To Her in South Carolina, 1936

To Her in South Carolina, 1936

March 15th, 1936
Richardson Ranch, Cheyenne, Wyoming

My Dearest Clara,

The lamp flickers beside me as I write these words, casting shadows that dance like memories across the rough-hewn walls of our kitchen. Outside, the March wind howls across the prairie with a voice that seems to echo the hollowness I carry within my chest—a vast, aching space that only your presence could fill. It is past midnight, and the world has surrendered to darkness, yet sleep eludes me as surely as happiness has since your last letter arrived a fortnight ago.
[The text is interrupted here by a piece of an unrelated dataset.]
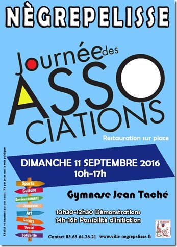 Le Dimanche 11 Septembre 2016 se déroulera la Journée des Associations au gymnase Jean Taché de Nègrepelisse de 10h à 17h.

I find myself wondering if you can comprehend the peculiar quality of solitude that exists out here in this endless expanse of sage and sky. It is not merely the absence of human companionship, though God knows that weighs heavily enough upon a man’s soul. Rather, it is the way the landscape itself seems to amplify every unspoken longing, every whispered prayer that carries your name. The very immensity of this place—these rolling hills that stretch beyond the horizon like a sea frozen in time—serves as a constant reminder of the distance that separates us, measuring not merely in miles but in heartbeats, in breaths drawn without your laughter to sweeten them.
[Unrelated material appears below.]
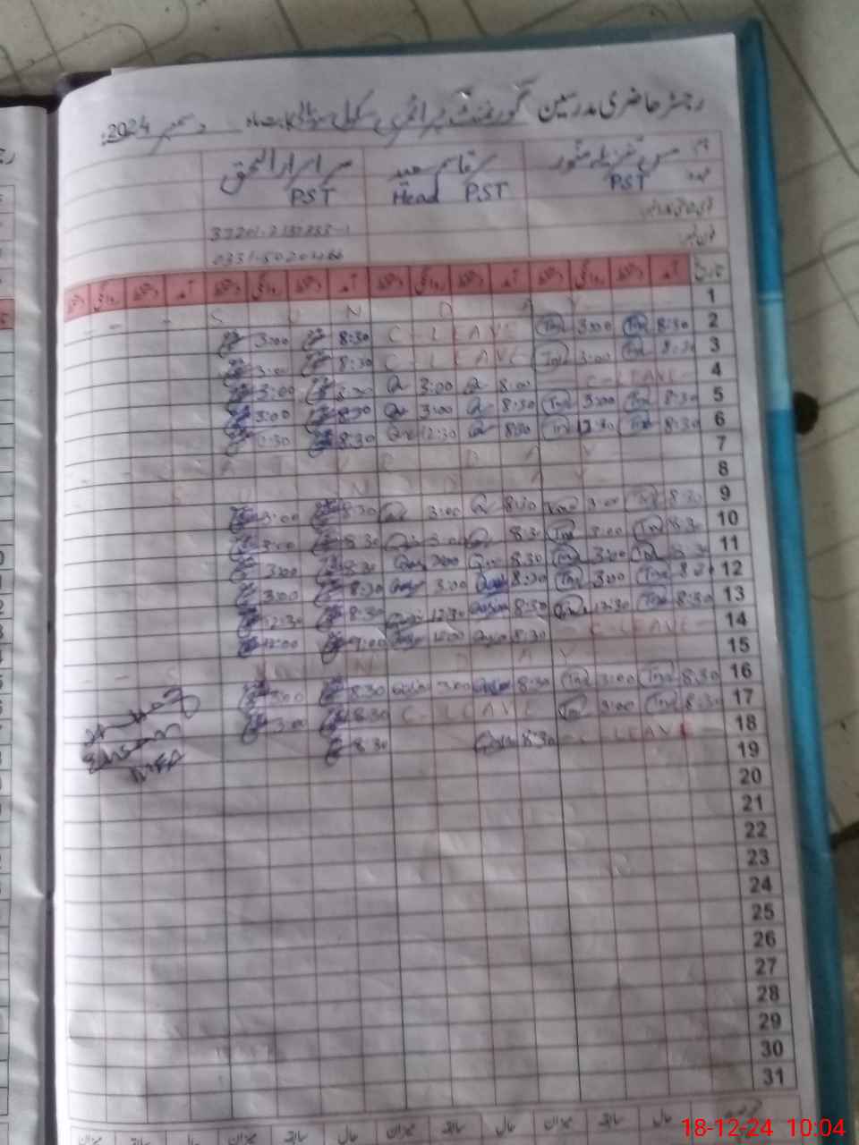 | CNIC | Full Name | Designation | R/C | Absence During Last Calender Month |

Today I rode out to inspect the northern pastures, where our cattle cluster like dark punctuation marks against the pale grass. The sun hung low and golden, casting shadows so sharp they seemed cut from black velvet, and I found myself imagining how your artist’s eye would capture such a scene. Would you see beauty in this harsh grandeur, or would it strike you as merely desolate? I confess, beloved, that increasingly I view this land through the lens of longing—wondering how it might appear to you, whether these sunsets I’ve grown to cherish might kindle the same wonder in your Southern heart.

The silence here possesses a weight all its own. Not the comfortable quiet of evening prayers or the peaceful hush of snowfall, but something more profound—a silence that speaks of spaces too vast for human voices to bridge. When I call to the cattle, my words seem swallowed whole by the prairie, absorbed into that endless blue dome overhead without echo or answer. How different it must be in your Charleston, where every street corner holds conversation, where the very architecture seems designed to draw people together rather than remind them of their smallness beneath an indifferent sky.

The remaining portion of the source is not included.